Facts
The Polish DPA's decision reprimanded a company (iSecure sp. z o.o.) for failing to comply with the data subject's access and erasure request regarding his online identifiers presumably stored by the company. We described the DPA's decision in iSecure case for INPLP in early 2022. The reprimanded company lodged a complaint against the DPA's decision. In July 2022 The Voivodeship Administrative Court in Warsaw examined iSecure’s complaint and annulled the Polish DPA's decision in which the authority stated that if an IP address is assigned for an extended time or permanently to a particular device, and that device is assigned to a specific user, it should be considered personal data under Article 4(1) GDPR.
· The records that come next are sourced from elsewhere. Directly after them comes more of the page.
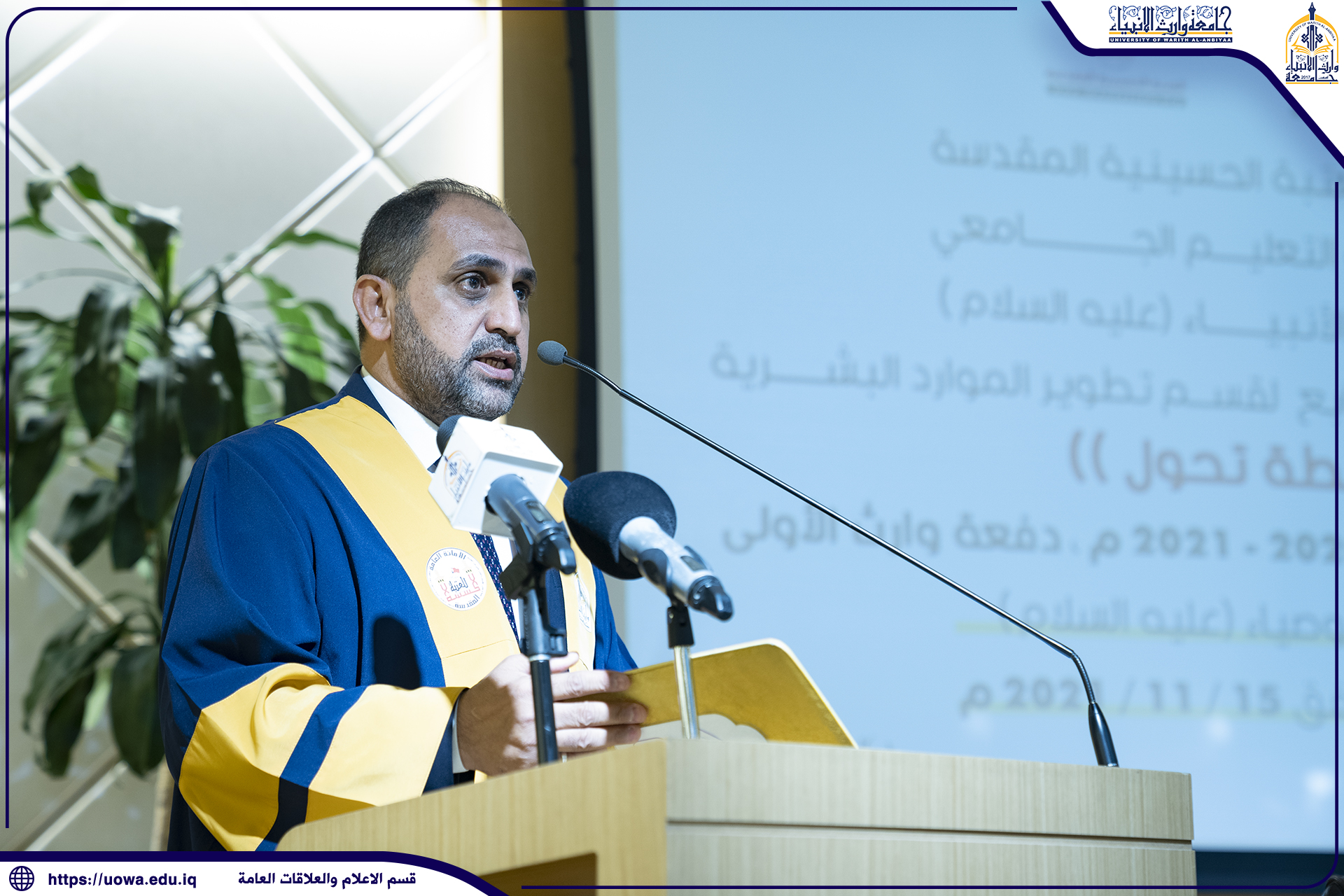 وجرى الحفل البهيج في قاعة سيد الأوصياء بالصحن الحسيني الشريف، بحضور السيد رئيس الجامعة الاستاذ الدكتور طالب حسن موسى والسادة مساعدي رئيس الجامعة والسادة عمداء الكليات واعضاء هيئة التدريس واولياء امور الطلبة .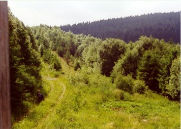 Westlich Lehesten, Juni 2002. Die kleinen Wälder aus Birken, Espen und Weiden bilden einen wichtigen ökologischen Gegensatz zu den monotonen Fichtenforsten auf der bayrischen Seite der ehemaligen Grenze.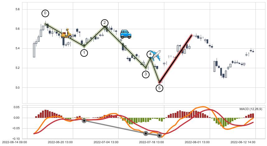 ➣ 趋势线:阻力位已击穿突破,猜想持续向上拉升上涨 → 上涨 →【突破】机会信号 → 大周期均值回复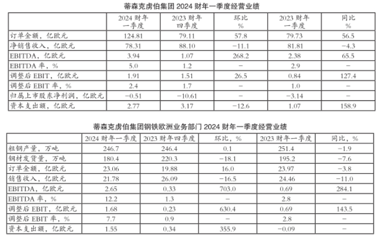 2024財(cái)年一季度鋼鐵歐洲業(yè)務(wù)部門(mén)經(jīng)營(yíng)業(yè)績(jī)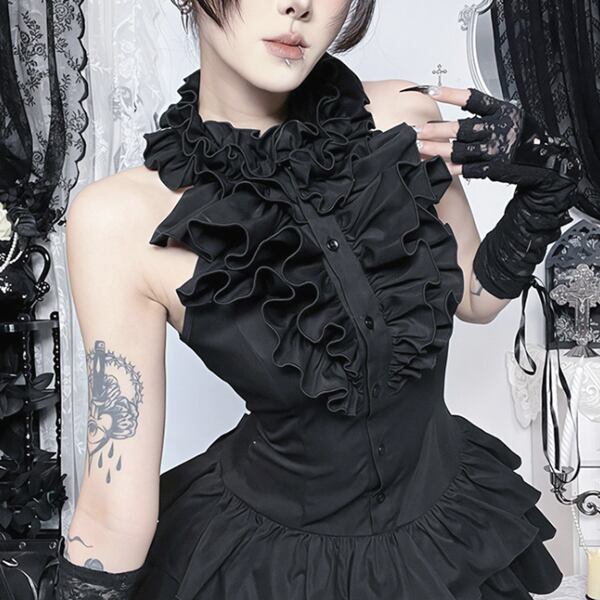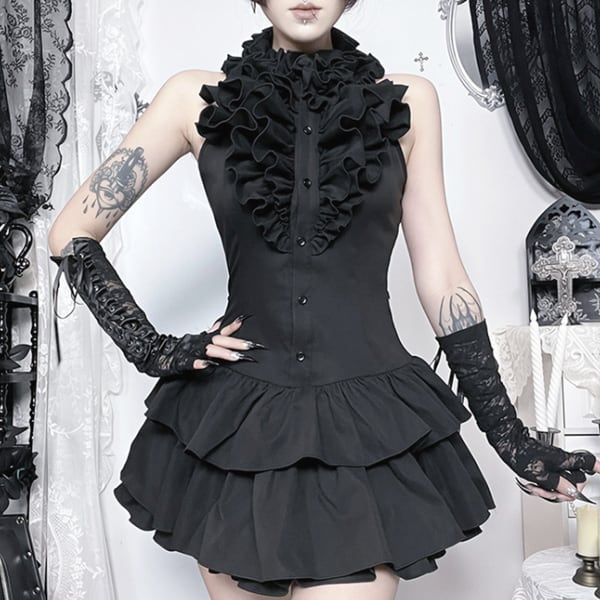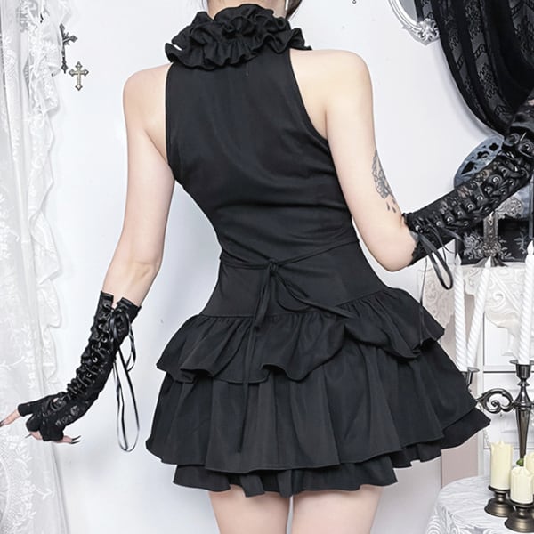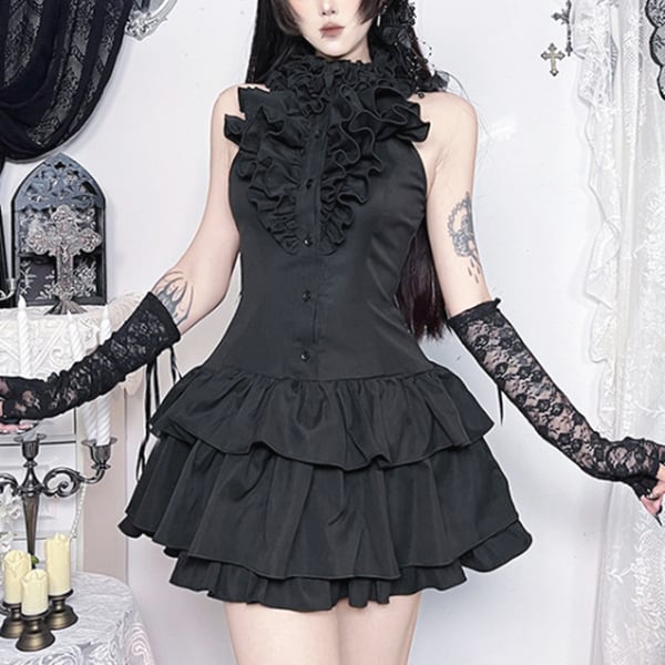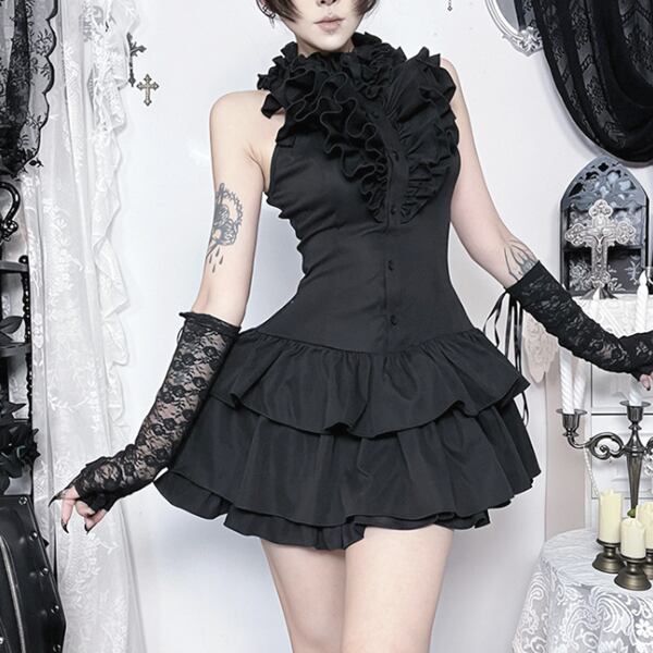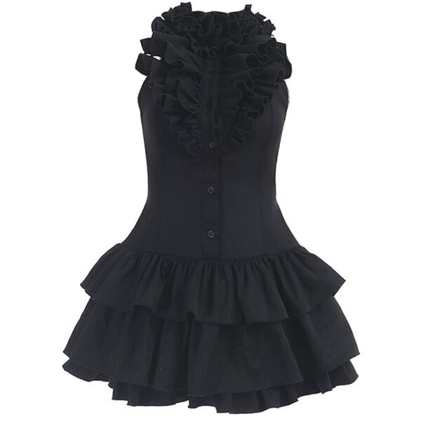 フリルネック ティアードダークドールワンピース(lli_6830)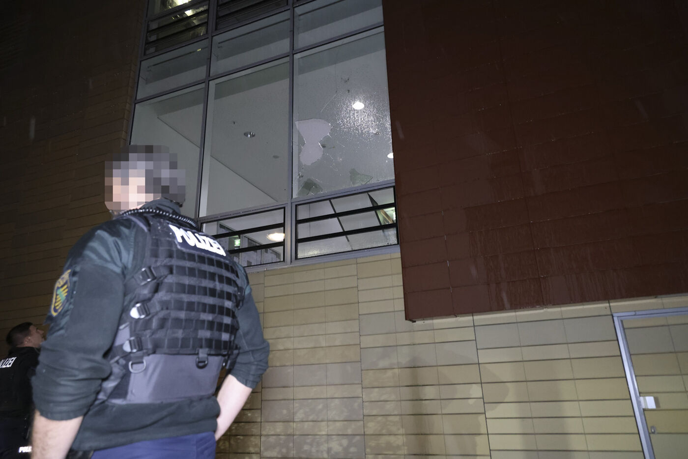 Betroffen war eine große Scheibe im Bereich des Foyers an der Gerichtsstraße 2. Der Schaden beträgt rund 1.500 Euro. Die Beamten sicherten Spuren und nahmen Hinweise von Passanten auf.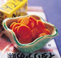 (3)将红萝卜渗出的盐水滤除,加入调味料(2)搅拌至糖完全溶化,即可置于容器中加盖冷藏,冰凉入味后即可食用,冷藏约可保存10天。
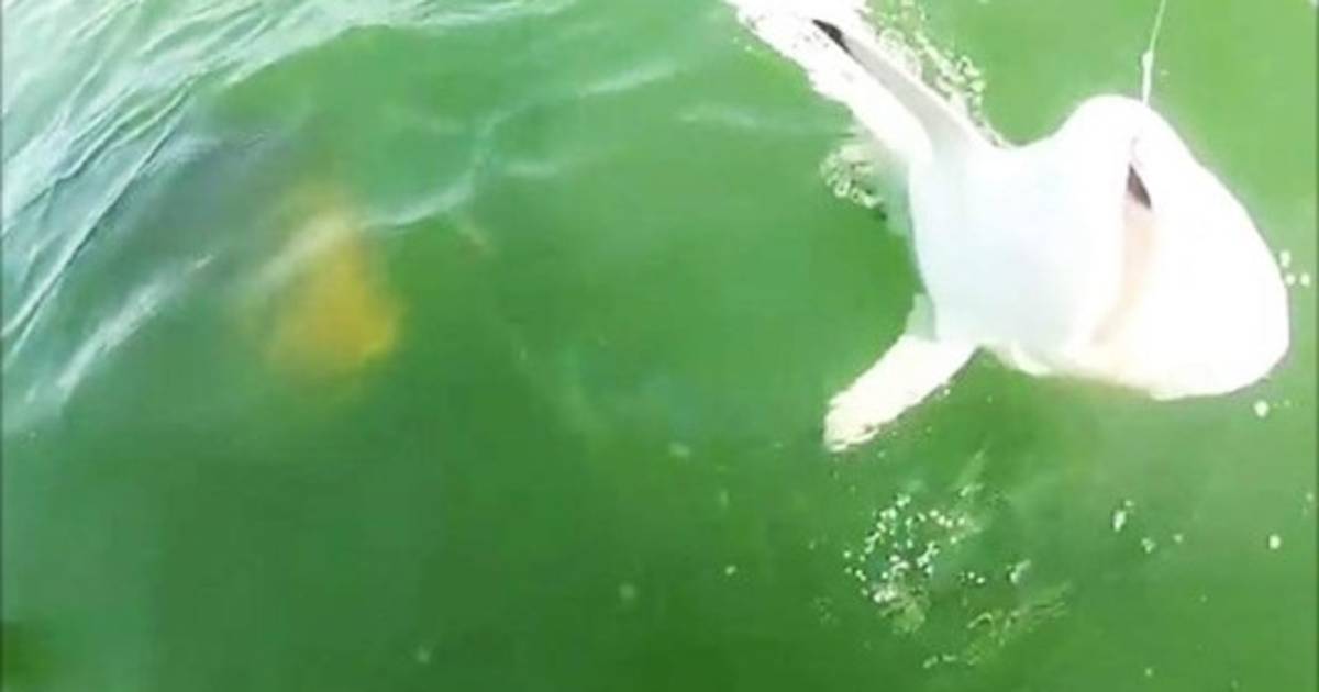 En las imágenes se observa a varias personas cazando a un tiburón, cuando de repente, aparece un mero goliat y se traga de un solo bocado al escualo.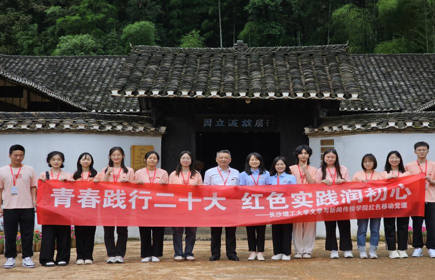5月22日,伟德betvlctor1946源于英国文学与新闻传播学院组织师生前往益阳周立波故居、山乡巨变第一村——清溪村开展“红色移动党课”,院党委副书记刘莎、副院长周云鹏、院团委书记李敏及10余名学生代表参加。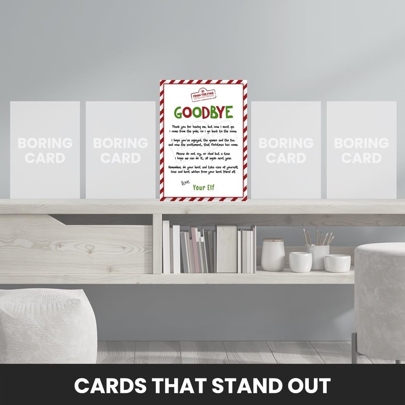 • [Heartwarming Goodbye] : This Elf Goodbye Card brings a heartfelt farewell from your childâ€s favourite elf, making it an emotional and memorable moment.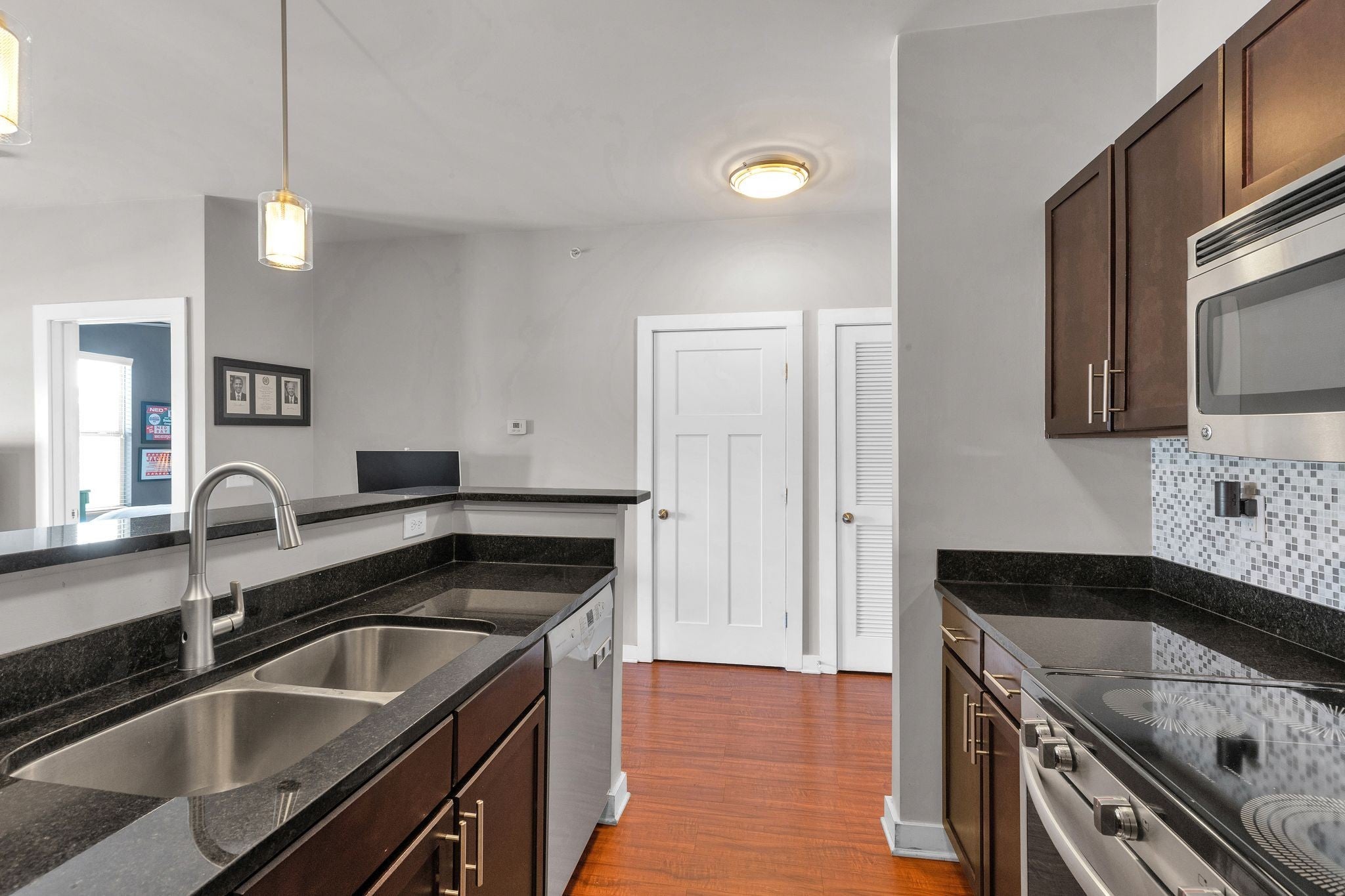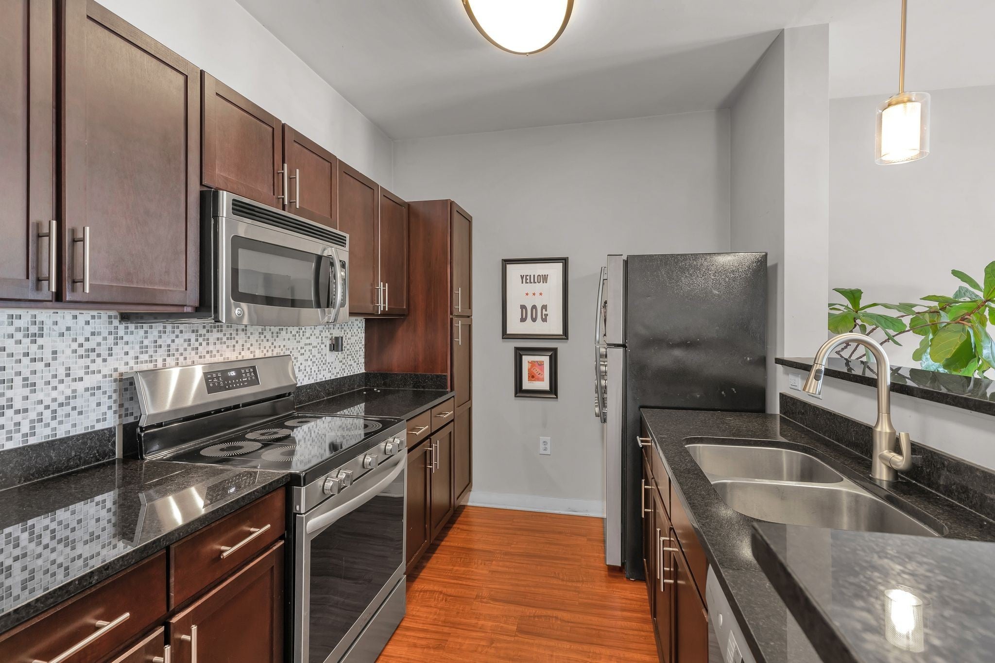 - Electric Oven, Electric Range, Dishwasher, Dryer, Microwave, Refrigerator, Stainless Steel Appliance(s), Washer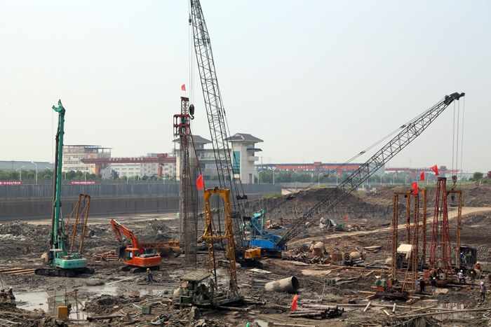 8月4日,公司在七浦塘拓浚整治工程江邊樞紐泵站工程項(xiàng)目部召開了安全生產(chǎn)及工期推進(jìn)會。公司董事長夏國春、總經(jīng)理時(shí)愛祥、副總經(jīng)理?xiàng)畋?、工程部、基礎(chǔ)分公司、機(jī)電安裝分公司、水機(jī)有限公司負(fù)責(zé)同志參加了會議。公司總經(jīng)理時(shí)愛祥主持會議,項(xiàng)目部陳興奎匯報(bào)了工程進(jìn)展情況及面臨的困難。大家就圍繞如何加快基礎(chǔ)施工進(jìn)度,保證8月20日實(shí)現(xiàn)泵站第一塊底板具備澆筑條件展開了討論?;A(chǔ)分公司經(jīng)理李桂明表態(tài),在現(xiàn)有兩臺旋挖機(jī)、一臺履帶吊、一臺汽車吊的基礎(chǔ)上,再增加一臺履帶吊,回旋鉆樁機(jī)增加到9臺。同時(shí)增加管理人員和作業(yè)工人,合理調(diào)度、組織各機(jī)械協(xié)同作業(yè),確保每天能夠完成8根灌注樁,全力以赴完成樁基施工任務(wù)。項(xiàng)目經(jīng)理?xiàng)畋蟊硎?,將帶領(lǐng)項(xiàng)目部員工發(fā)揚(yáng)能打硬仗、能啃硬骨頭的精神,增加鋼筋作業(yè)人員,增加人力、物力投入,加快鋼筋籠制作速度,確保實(shí)現(xiàn)第一塊底板澆筑的節(jié)點(diǎn)目標(biāo)。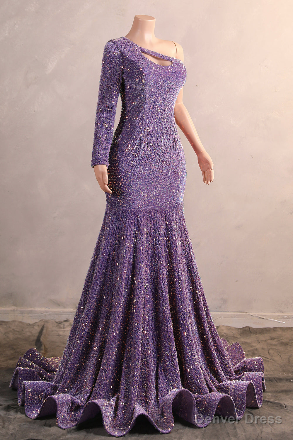 One Shoulder Purple Prom Dresses Sequin Mermaid Long Evening Formal Dresses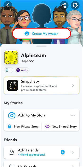 - Tap on the Bitmoji icon in the top-left corner to view your profile.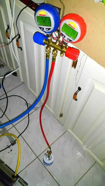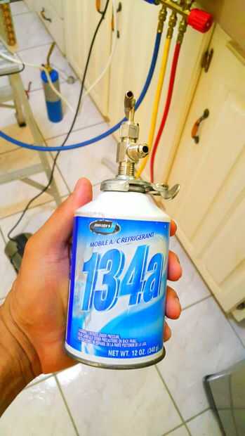 tenía una botella de repuesto de trabajo coche que hice así que puse un poco en el sistema de aspirado. Calculo alrededor de 1oz que necesitaba para un sistema tan pequeño pero tengo ninguna escala así que añadido pequeños volúmenes y observar el manómetro de baja presión.

The "game-changing" judgment
Article (4) 1 GDPR stipulates that personal data is any information relating to an identified or identifiable natural person. The Court noted that GDPR does not predetermine whether internet identifiers should always be treated as personal data or as one of the factors enabling the identification of a person. According to the Court, the Polish DPA did not sufficiently explain on what basis it determined that there was a "reasonable likelihood of identifying" the data subject in connection with the IP address and cookie ID that was stored on the website operated by the company. Furthermore, By referring to the CJEU's judgment from 2016 in the case C-582/14 (P.Breyer v. Germany), the Court reminded that in answering the question of whether specific online identifiers constitute personal data, one should take into account "all reasonably likely means ... about which it is reasonably likely" that they will be used to identify an individual. Simultaneously the Court underlined that the fact that in the Breyer case, the CJEU recognized dynamic IP addresses as personal data does mean that one can automatically classify all dynamic IP addresses held by ISP as personal data.
Comment
The Voivodeship Administrative Court in Warsaw provides a much-anticipated critique of a Polish DPA's broad approach to classifying online identifiers as personal data, regardless of the circumstances in which such information is processed. The recital 26 of the GDPR stipulates that to determine whether a natural person is identifiable, an account should be taken of all the means reasonably likely to be used, such as singling out, either by the controller or by another person, to identify the natural person directly or indirectly. Thus one cannot predetermine (especially in a dynamic online environment) which data will be "personal data" under GDPR. Unfortunately, the judgement we described is not final, and the Supreme Administrative Court may question the Court's position in Warsaw if the Polish DPO appealed the judgement. It remains to be seen whether the more reasonable approach to classifying online identifiers as personal data will prevail.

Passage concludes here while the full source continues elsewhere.